An appropriate time then to re-post (with new links!) my Cue Card on what a constitution is for.

Cue Card Libertarianism -- Constitution

Why do we need a government at all? James Madison puts the argument in a nutshell:

      “If men were angels no government would be necessary. If angels were to govern men,
       neither external nor internal controls on government would be necessary.”

Here in capsule form is the essential argument both against anarchy, and for a constitutional republic: Because men are not automatically angels, and because government does need to be controlled.

But how?  That’s the 64-million-laws question.

Let’s start by examining the purpose of government.  Government in essence is like a guard dog: to protect us from being done over by others. However, if that dog is badly trained and it gets off the chain, we can be badly savaged -- more than we would have been without the dog.

So we get to our first major point:

A constitution is our means of chaining up the government and training it to act only in our protection.

As I’ve said already in these Cue Cards, the purpose of government is to protect properly-formulated individual rights. The means by which it carries out this life-giving task is to protect us against physical coercion and its derivative, fraud. Good government is the means by which retaliatory force is brought under objective control. A good constitution, properly written, brings the government itself under objective control.

Such a constitution was the intent of America’s Founding Fathers, a clear and understandable document delineating a government that protects individuals’ rights, but after nearly two-hundred years the success has been only partial. Building on the success of the US Constitution and seeking to close the loopholes exploited since its introduction, New Zealand libertarians have written what we call A Constitution for New Freeland summing up what a good constitution should look like, and why:

The job of government is to protect our rights—a ‘Bill of Rights’ clearly outlines the rights to be protected.

The job of government is not to infringe the liberties of its own citizens without due process of law—a ‘Bill of Due Process’ clearly outlines under what circumstances and in what manner those liberties may be breached, and for what purpose.

The US Constitution has suffered from interpretations that have often been at odds with the declared intentions of the Constitution’s authors—the Constitution for New Freeland puts the intentions of its authors on the record in the ‘Notes on the Bills of Rights and Due Process.’

To prevent monopolisation of political power, a good government should have its powers separated—a formal statement is included as to how the rigorous separation is to be ensured, and each of government’s three branches – legislature, judiciary and executive – is given some specified veto power over all the others.

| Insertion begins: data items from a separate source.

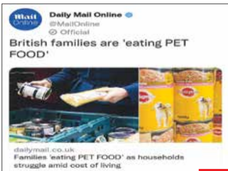
غذای حیوانات برای فقرا! / خبریه‌های بریتانیایی هشدار داده‌اند خانواده‌های این کشور در بحران افزایش هزینه‌های زندگی به خوردن غذای حیوانات و گرم کردن غذا روی رادیاتور و شمع رو آورده‌اند!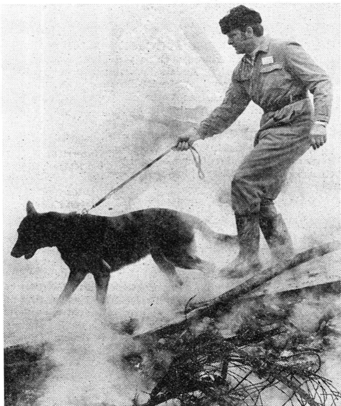
Ein Katastrophenhund bei Rauch, Lärm und unwegsamen Trümmern im Einsatz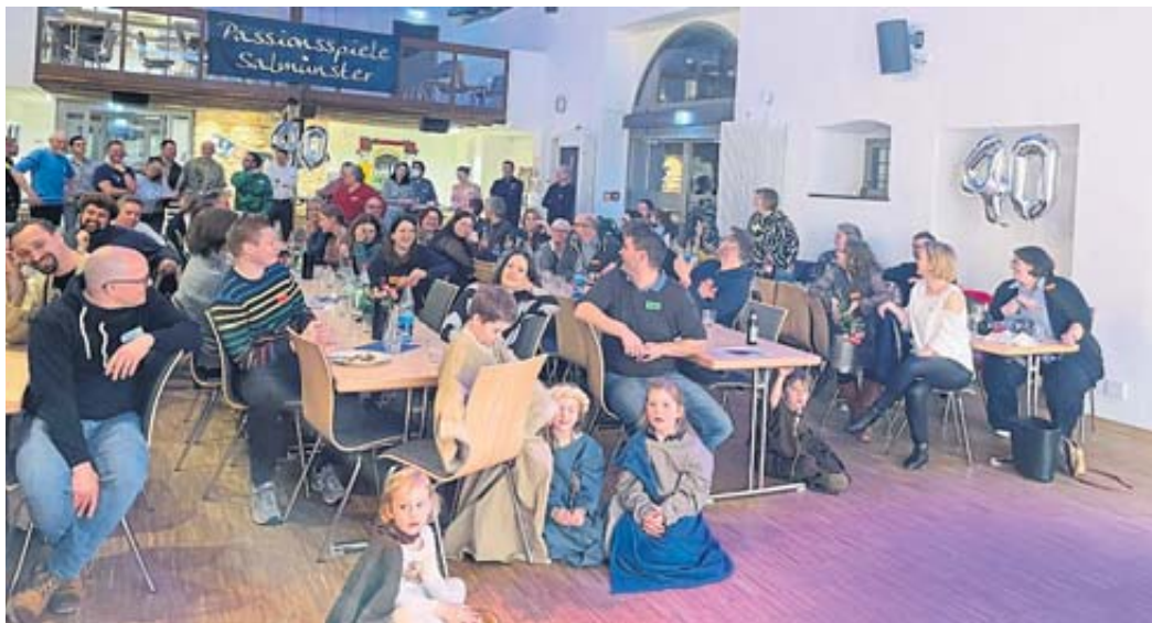
Das 40-jährige Jubiläum der Passionsspiele Salmünster wurde im Generationentreff gefeiert.

Der Bergwinkel Wochen-Bote Amtliches Bekanntmachungsorgan des Main-Kinzig-Kreises Verlag: MGW Mediengestaltungs- und Vermarktungs GmbH & Co. KG Frankfurter Straße 8, 36043 Fulda Hausanschrift und zugleich auch ladungsfähige Anschrift für alle im Impressum Verantwortlichen. Geschäftsführer: Haldun Tuncay Redaktion: Sabine Broj (V.i.S.d.P.) Anzeigen: Lutz Bernhard (verantwortlich) Julia Linkersdörfer Zustellung: Tobias Röder (verantwortlich) Druck: ColdsetInnovation Fulda GmbH & Co. KG Gewerbegebiet Kerzell Am Eichenzeller Weg 8 36124 Eichenzell-Kerzell Erscheint in Schlüchtern, Steinau, Sinnatal, Bad Soden-Salmünster, Freiensteinau Auflage: 21.200 Geschäftsstelle: Obertorstraße 16, 36381 Schlüchtern Telefon 06661/965678 Preisliste Version 2023/3 Falls Sie diese Zeitung nicht mehr erhalten möchten, bitten wir Sie eine E-Mail an vertrieb@wochen-bote.de zu senden und einen Aufkleber mit dem Hinweis „Bitte keine kostenlosen Zeitungen“ an Ihrem Briefkasten oder Zeitungsrohr anzubringen.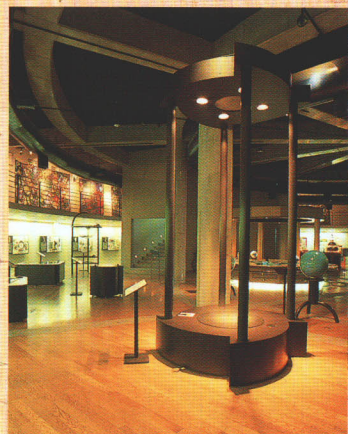
遊びと学びのミュージアム (1F)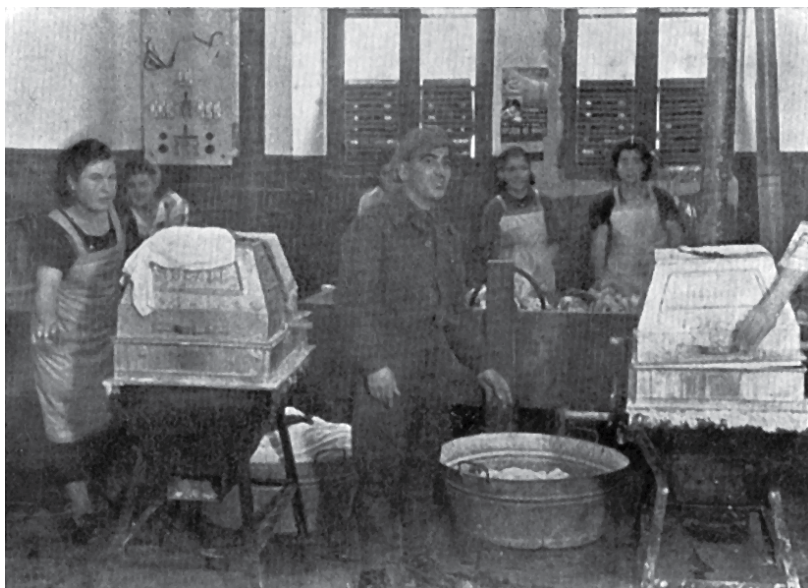
Lavandería de los hospitales en Albacete. AMI, Barcelona, n.º 7 (1-1-1938), p. 6.

La mayor parte de las tropas fueron vacunadas contra el tifus. 121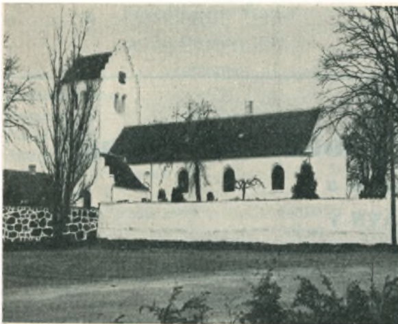
Soderup Kirke. Holbæk Amt.

Foruden Graniten finder man andre Materialer anvendt ved Opførelsen af vore gamle Landsbykirker, især Kalksten. Efter Midten af 1100-Tallet begynder man ogsaa at anvende Teglsten (»Munkesten«).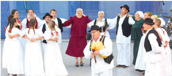
Ples Folklornog ansambla iz Garešnice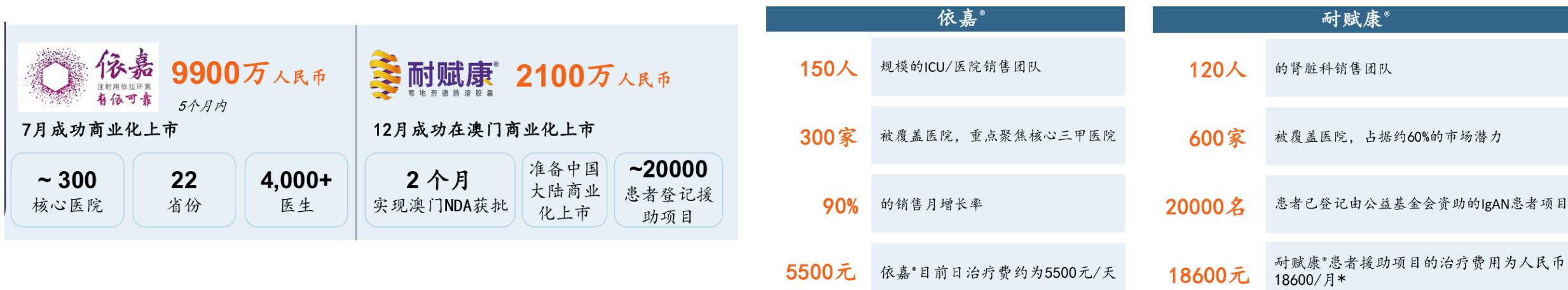
图：公司依嘉和耐赋康2023年销售额及商业化团队搭建情况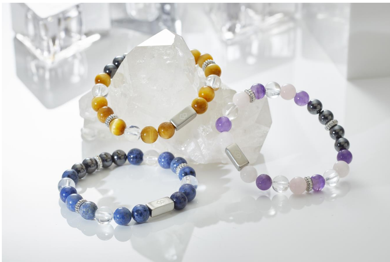
コラントツテ ループ EN-tsubomi 価格¥8,580/税込

磁気健康ギア「Colantotte（コラントツテ）」の製造・販売元である株式会社コラントツテ（本社：大阪府中央区、代表取締役社長：小松 克己）は、数珠タイプの腕用磁気アクセサリ「コラントツテ ループ EN」から天然石のサイズが小粒になったモデル「コラントツテ ループ EN-tsubomi（エン ツボミ）」（価格¥8,580/税込）を2021年4月28日よりコラントツテ公式サイト、公式サイトで販売いたします。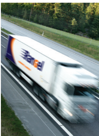
Transporte Rodoviário Road Freight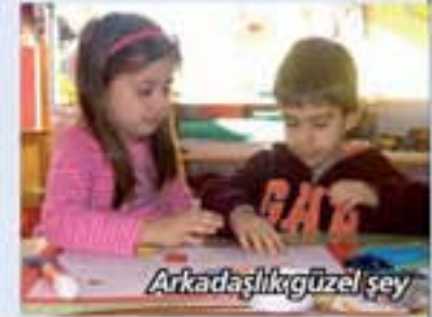
Arkadaşlık güzel şey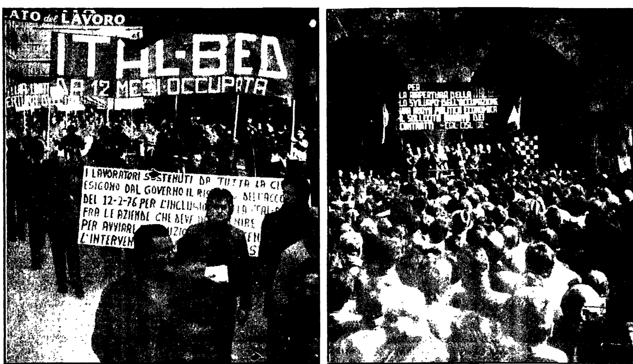
Due momenti della manifestazione provinciale con Luciano Lama svoltasi ieri a Pistoia

PISTOIA. 4. Ancora una volta Pistoia e l'intera provincia sono scese in lotta per manifestare il loro appoggio ai lavoratori dell'Ital Bed « punto caldo dell'azione operaia contro la "liquidazione" della fabbrica... »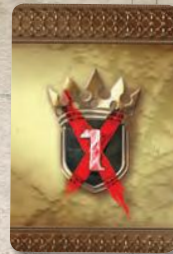
Рубашка карты займа

Не надейтесь, что ушлые банкиры из Браавоса простят вам долг. Получив займ, великий дом должен до конца игры платить ПРОЦЕНТ ПО ЗАЙМУ . В начале фазы Вестероса в порядке хода каждый игрок, имеющий займ, должен сбросить 1 доступный жетон власти за каждую полученную им карту займа. Если у игрока недостаточно жетонов власти на оплату процентов, то за каждый недостающий жетон власти игрок, владеющий Валирийским мечом, выбирает один из отрядов этого игрока в любом месте на поле и уничтожает его. Если игрок, неспособный оплатить процент, и есть владелец Валирийского клинка, то выбор за него делает игрок, занимающий следующую по очерёдности позицию на треке вотчин.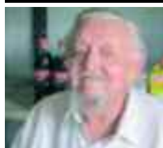
Un hombre de tierra adentro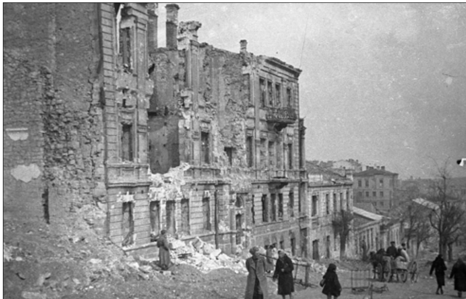
У звільненому місті. Фото Покатила М. Б. Державний архів міста Севастополя, фонд фотодокументів, од. зб. 0-15122.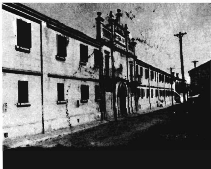
五大开幕地点——武昌高等师范第一附属小学

1927年4月27日至5月9日，中国共产党第五次全国代表大会在武昌高师第一附小的小礼堂隆重开幕（之后在汉口黄陂会馆继续举行）。出席会议的代表共82人，代表党员57967人，以罗易、多里奥、维经斯基组成的共产国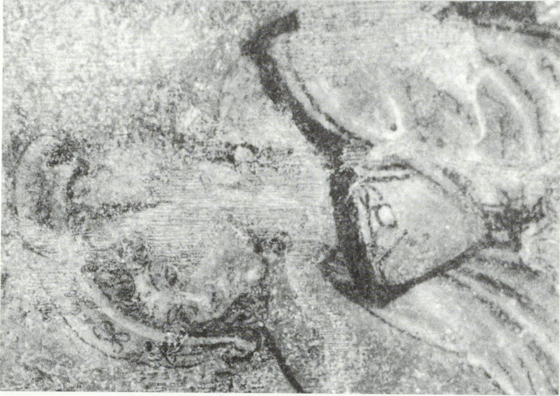
Abb. 5 Hans Holbein d. Ä., Die Aussetzung von Romulus und Remus (1515), Stein am Rhein, Kloster St. Georgen, Ausschnitt

The imperfect separation of powers in our present NZ constitutional arrangements shows the dangers of being without these essential checks and balances on political power.

Every good constitution relies on one further, crucial, restraint on the growth of Omnipotent Government: significant public understanding and support for the constitution and its protections, without which politicians and advocates of a ‘living constitution’ can pervert the constitutional protections as easily as the simple agreements given in the Treaty of Waitangi have been perverted. (On this much at least, Burke was right.)

Further, the task of constitutional law is to delineate the legal structure of a country’s law; it must therefore be superior to all other laws, and law stepping outside the bounds of what is declared unconstitutional must be able to be struck down – an accessible Constitutional Court makes this possible.

The superiority of a constitution to all other law is both a good thing and a bad thing. What’s good is that once a watertight constitution properly protecting individual rights is in place, it acts to chain up the guard dog and to keep it on its leash for good. What’s bad is that once in place, a poor or anti-freedom constitution is very difficult to get rid of.

imageAs history demonstrates -- and the constitutional conference of 2000, a previous Select Committee review of NZ’s constitutional arrangements, and now Palmer’s wet rag foreshadows – a bad constitution poorly written can give the erstwhile guard-dog control of the back yard and the house, and before you know it it’s chewing off your leg and attacking the baby. Rather than protecting us, it has no impediment at all to doing us over.

Liberty, as Thomas Jefferson suggested, requires eternal vigilance.